Why have the human figure out if they have time-zone back-and-forth correctly or otherwise made a mistake (ex: adding code to the wrong "part of the process" and accidentally mucking with a TimestampWithTimeZone input/output variable rather than the internal Timestamp-UTC-only type variables?)
Just... leave the job of checking this entire process to the compiler. If your n00b coworker messes up, the type system catches it and we're all set.

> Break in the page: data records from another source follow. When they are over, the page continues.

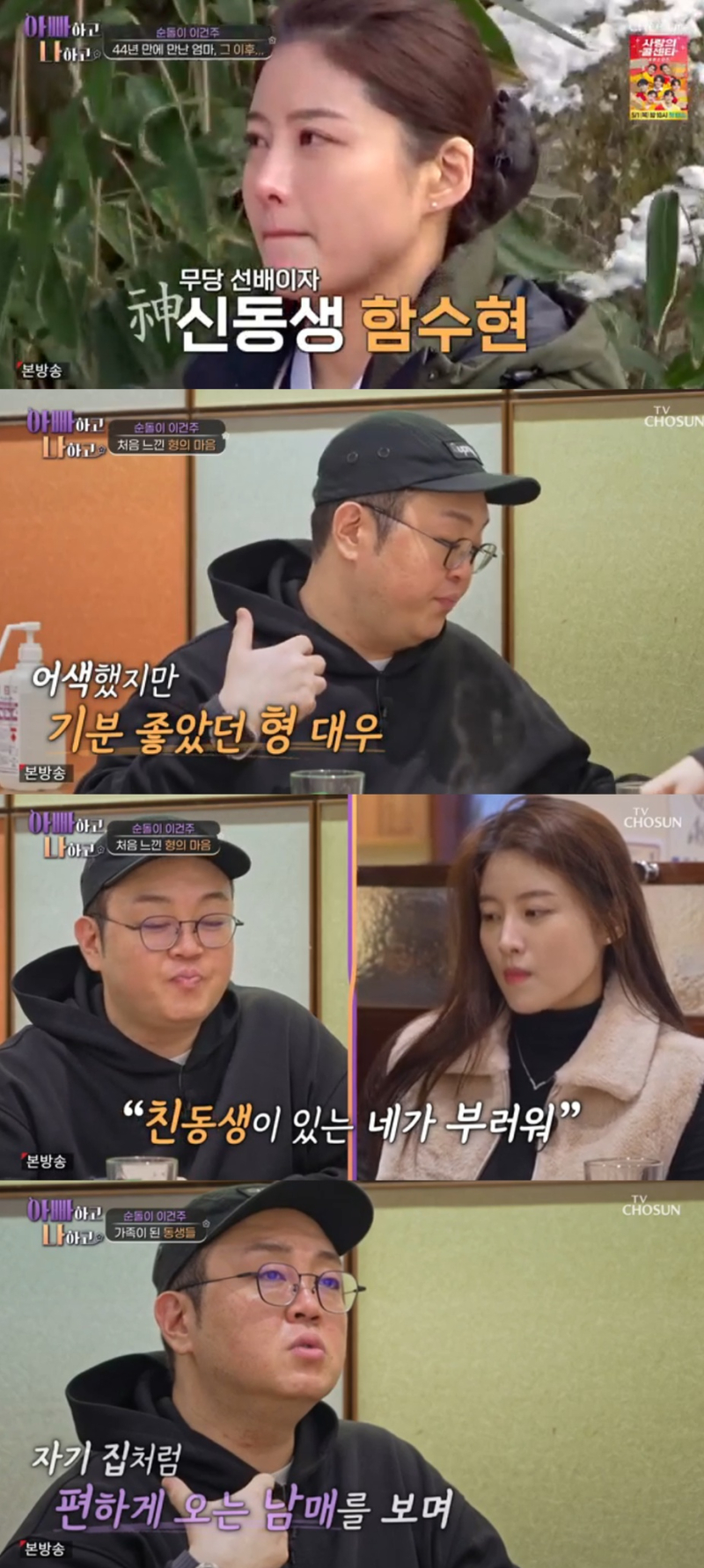 [OSEN=박근희기자]'아빠하고나하고’이건주가해외로입양된친동생을언급했다.29일오후방송된TV조선'아빠하고나하고'에서는배우겸무속인이건주가‘신들린연애’에출연했던‘신동생’함수현,그리고함수현의친동생함상진과함께식사자리를가졌다.오사카에방문한이유에대해이건주는“얼마전에엄마를만나고왔다.엄마를만나기도했고넘어야할산도넘었고풀어야할숙제도풀었으니까저에게준포상휴가느낌이다”라고설명했다.같이여행을온일행에대해이건주는“신동생함수현과수현이의친동생함상진이다”라고밝혔다.함상진에대해이건주는거의친동생같은존재라고말하기도.수현남매가불편해하지않냐는질문에오히려좋아한다고답했다.세사람은식사를하러가게에들렀고,이건주는“상진이가보면수현이를되게잘챙긴다”라고말하기도.이건주는“상진이가나랑있을땐나도너무잘챙겨줘”라고말했다.친동생이있음을깜짝고백한이건주는“친동생은태어나자마자복지기관을통해서입양된걸로들었다.지금은프랑스에있는걸로알고있다”라고밝혀모두를놀라게만들었다.친동생을꼭만나고싶다는이건주는“만나게되면대신말해주고싶다.나도몰랐지만어찌됐건너무나미안하다고.그리고좀안아주고싶다”라고마음을전했다./[email protected][사진]‘아빠하고나하고'방송화면캡쳐Copyright©OSEN.무단전재및재배포금지.
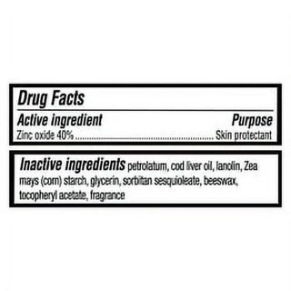 Thành phần không hoạt động: Petrolatum, dầu gan cá tuyết, Lanolin, tinh bột ngô Zea Mays (Bắp), Glycerin, Sorbitan sesquioleate, Sáp ong, Tocopheryl Acetate, Hương liệu.
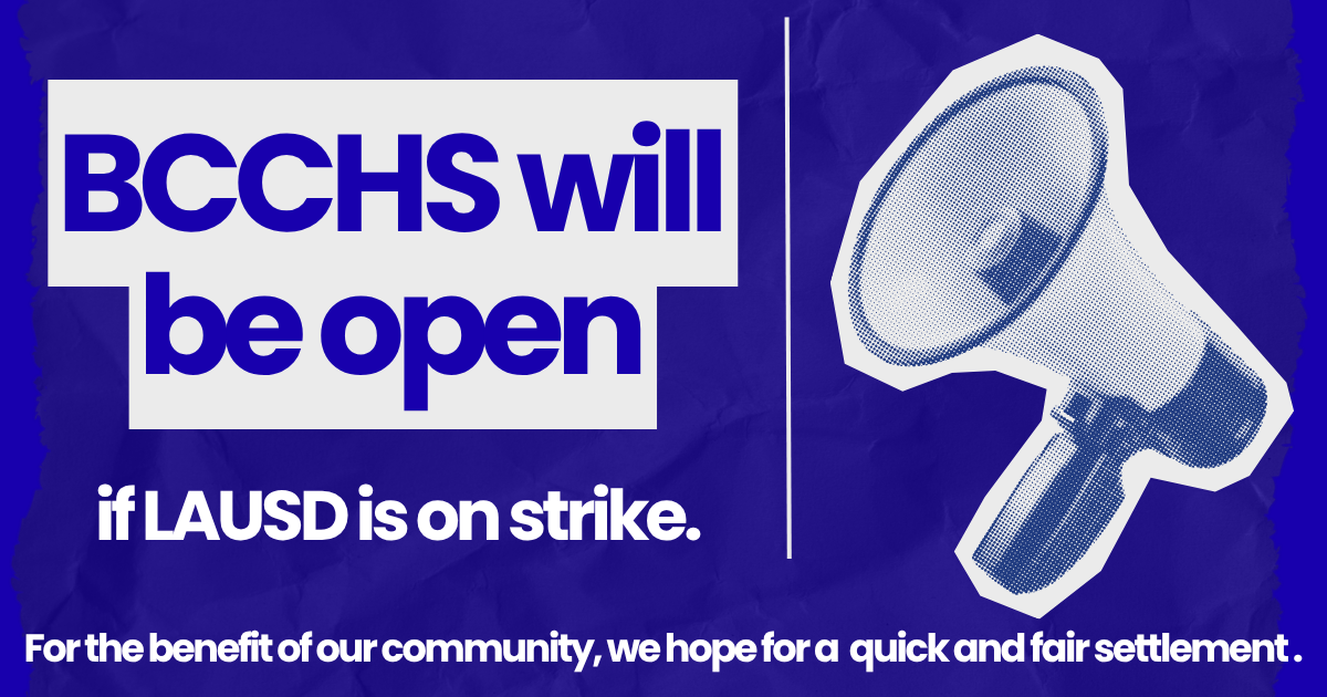 Queremos informarles que las escuelas autónomas de YPI, incluidas la escuela secundaria Bert Corona, la escuela secundaria Monseñor Oscar Romero y la escuela preparatoria Bert Corona, permanecerán abiertas incluso si los sindicatos del LAUSD se declaran en huelga esta semana. El aprendizaje de su hijo/a no se detendrá. El personal de YPICS no pertenece a los sindicatos del LAUSD. Prometemos seguir brindando a nuestros estudiantes un entorno seguro, experiencia de aprendizaje de alta calidad sin interrupciones, que es la prioridad de nuestras comunidades escolares.
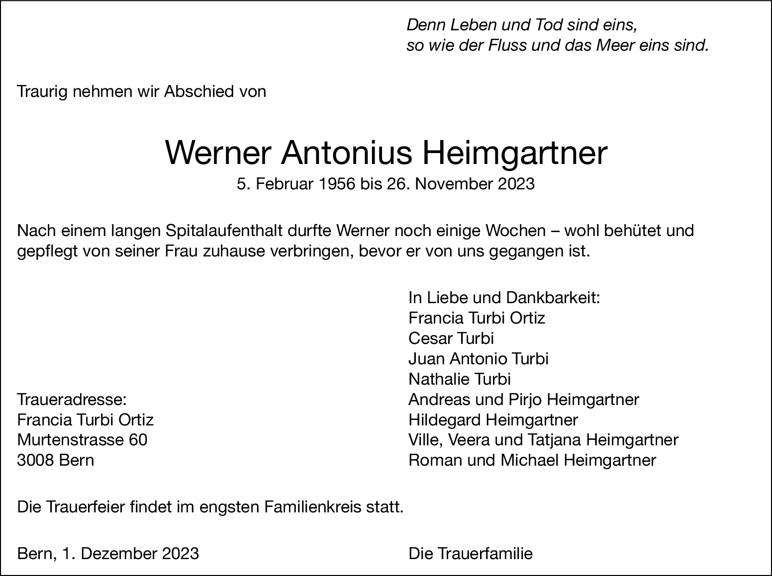 Möchten Sie über neue Todesanzeigen und Kondolenzen für diesen Verstorbenen informiert werden?

UNIX timestamps have no timezones. They are just the number of actual seconds that have elapsed since a certain commonly-agreed time. You measure the number of seconds between two events just by subtracting their timestamps arithmetically, and don't need to do any parsing or interpreting of timezones. You can just say "this hacker in Russia breached the firewall 35 seconds after this dev committed code in the US" just by subtracting two numbers.
The time an airplane takes off, the time your firewall detected a security event, the time a cross-timezone meeting starts, these are all good to store as UNIX timestamps.
Birthdays are different because they are inherently imprecise; humans tend to celebrate their birthdays when it's a certain day of the month in their local time zone, with little to no regard for the time zone they were born in. Someone born in Singapore (UTC+8) and lives in Alaska (UTC-8) might still celebrate their 30th birthday on the month and day of their birthday in Alaska time even though their body might need another 16 hours before it has technically experienced 30 years of life.